WHAT IS BEING ASKED: Reproduce the records that follow in full, excluding any picture they contain.
(SUPPLIED DATA begins)
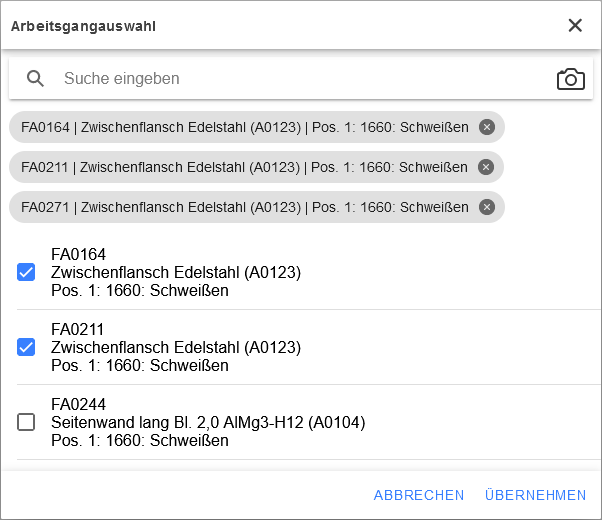 3. Arbeitsgänge auswählenWählen Sie alle Arbeitsgänge aus, die mit der Sammelmeldung erfasst werden sollen. Der Dialog "Arbeitsgangauswahl" öffnet sich automatisch nachdem Sie eine Ressource ausgewählt haben. Über das Suchfeld können Sie ebenfalls entweder die Barcodes der Arbeitsgänge scannen oder die in der Liste angezeigten Arbeitsgänge durch Eingabe eines Suchbegriffes weiter einschränken. Mithilfe der Schaltfläche "Übernehmen" werden die ausgewählten Arbeitsgänge in die Sammelmeldung übernommen.
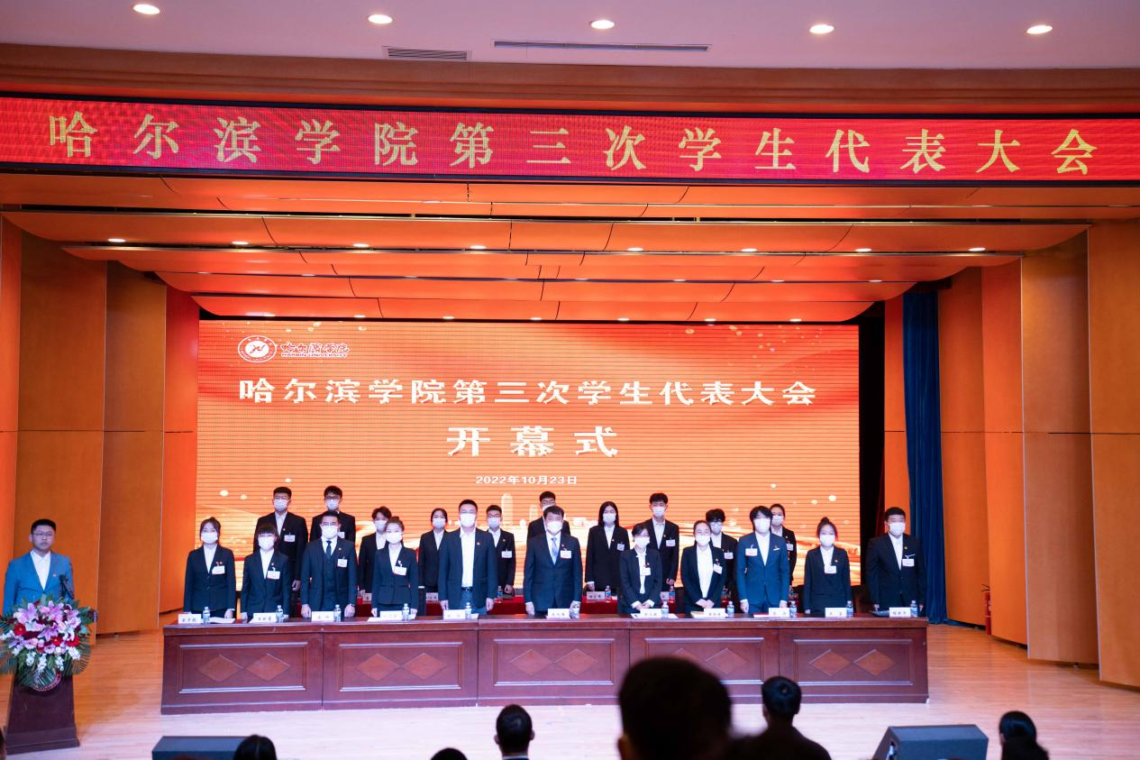 (文/顾相君)2022年10月23日上午9时,在高亢嘹亮的国歌声中,哈尔滨学院第三次学生代表大会在音乐与舞蹈学院音乐厅隆重召开。学校党委委员、副校长吴旭峰、哈尔滨市学联驻会主席刘雪薇、学生处副处长张强、团委负责人张玉娟出席大会开幕式。开幕式由校团委副书记(挂职)顾相君主持,各学院分团委书记、179名正式代表、90名列席代表及相关团务工作者,共计300余人通过线上与线下相结合的方式参会。
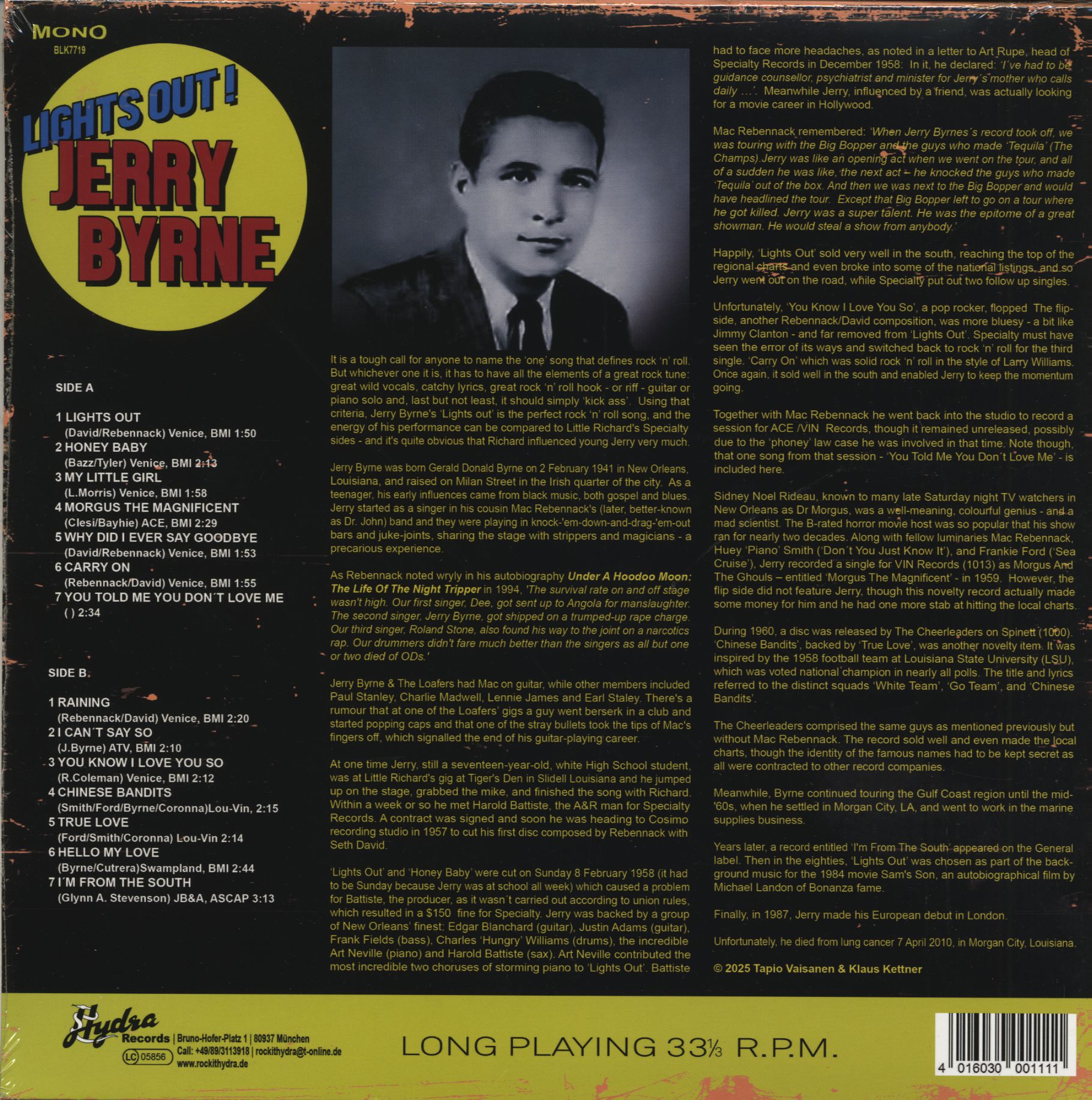 La chanson de Jerry Byrne, Lights Out, est la chanson de rock and roll sauvage par excellence des années 1950. Le fait que Mac Rebennack, plus connu sous le nom de Dr. John, ait participé à l'enregistrement ou en tant que compositeur à cette chanson et à d'autres n'a certainement pas nui à son succès. Little Richard l'a aidé à entrer dans sa maison de disques et le résultat a été les plus belles chansons de rock & roll de la Nouvelle-Orléans. « Lights Out » a fait un carton dans les hit-parades et a été suivi d'une longue tournée. D'autres disques solo et enregistrements en duo sous différents...
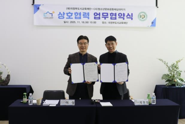[뉴스앤톡] 의정부도시교육재단은 지난 11월 18일, 사단법인 청소년문화공동체 십대지기와 위기청소년을 조기에 발굴하고 지원하기 위한 업무협약(MOU)을 체결했다.
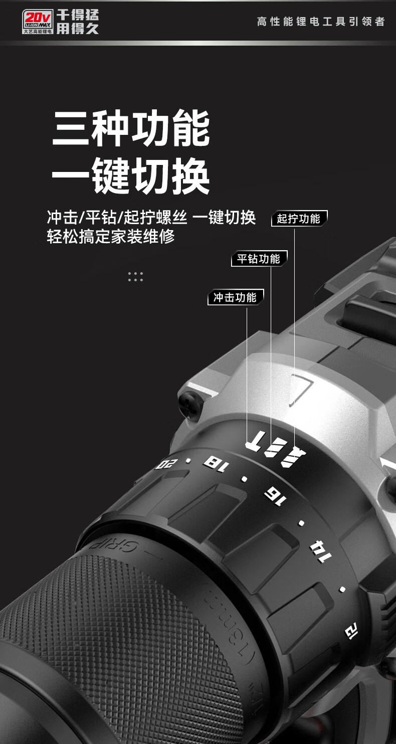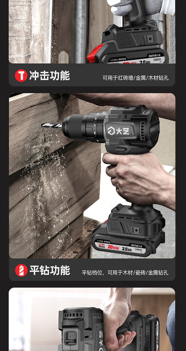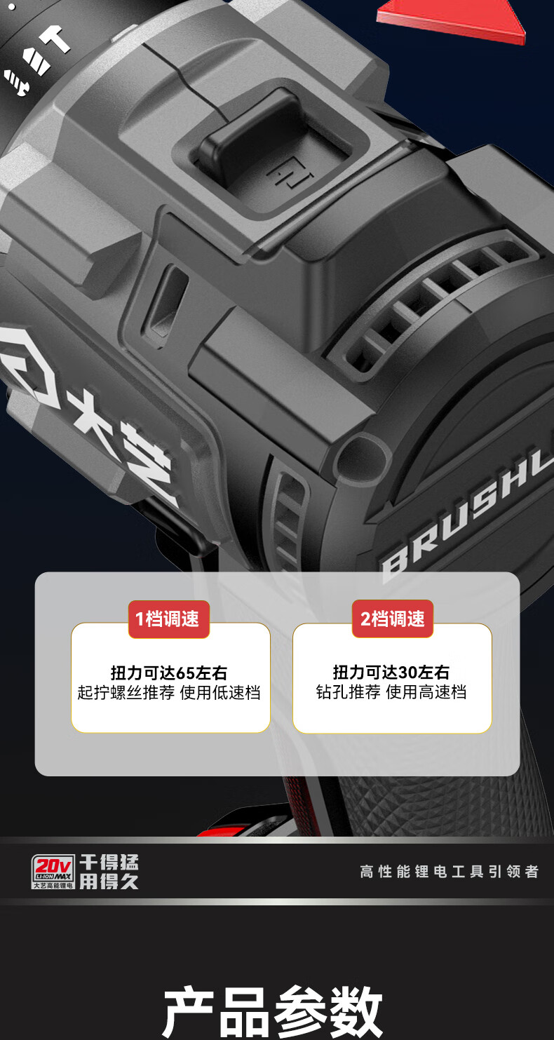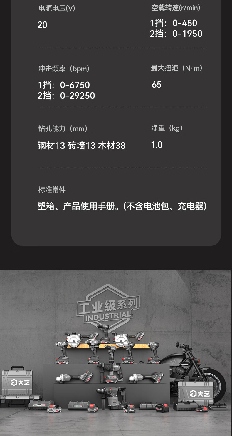 Dayi's new A7Pro1365 industrial grade 20V lithium battery brushless impact drill electric screwdriver rechargeable hand drill A7Pro1365i-2.0 single battery package
(SUPPLIED DATA ends)
RESULT OF THE TASK:
 3. Arbeitsgänge auswählenWählen Sie alle Arbeitsgänge aus, die mit der Sammelmeldung erfasst werden sollen. Der Dialog "Arbeitsgangauswahl" öffnet sich automatisch nachdem Sie eine Ressource ausgewählt haben. Über das Suchfeld können Sie ebenfalls entweder die Barcodes der Arbeitsgänge scannen oder die in der Liste angezeigten Arbeitsgänge durch Eingabe eines Suchbegriffes weiter einschränken. Mithilfe der Schaltfläche "Übernehmen" werden die ausgewählten Arbeitsgänge in die Sammelmeldung übernommen.
 (文/顾相君)2022年10月23日上午9时,在高亢嘹亮的国歌声中,哈尔滨学院第三次学生代表大会在音乐与舞蹈学院音乐厅隆重召开。学校党委委员、副校长吴旭峰、哈尔滨市学联驻会主席刘雪薇、学生处副处长张强、团委负责人张玉娟出席大会开幕式。开幕式由校团委副书记(挂职)顾相君主持,各学院分团委书记、179名正式代表、90名列席代表及相关团务工作者,共计300余人通过线上与线下相结合的方式参会。
 La chanson de Jerry Byrne, Lights Out, est la chanson de rock and roll sauvage par excellence des années 1950. Le fait que Mac Rebennack, plus connu sous le nom de Dr. John, ait participé à l'enregistrement ou en tant que compositeur à cette chanson et à d'autres n'a certainement pas nui à son succès. Little Richard l'a aidé à entrer dans sa maison de disques et le résultat a été les plus belles chansons de rock & roll de la Nouvelle-Orléans. « Lights Out » a fait un carton dans les hit-parades et a été suivi d'une longue tournée. D'autres disques solo et enregistrements en duo sous différents...
[뉴스앤톡] 의정부도시교육재단은 지난 11월 18일, 사단법인 청소년문화공동체 십대지기와 위기청소년을 조기에 발굴하고 지원하기 위한 업무협약(MOU)을 체결했다.
 Dayi's new A7Pro1365 industrial grade 20V lithium battery brushless impact drill electric screwdriver rechargeable hand drill A7Pro1365i-2.0 single battery package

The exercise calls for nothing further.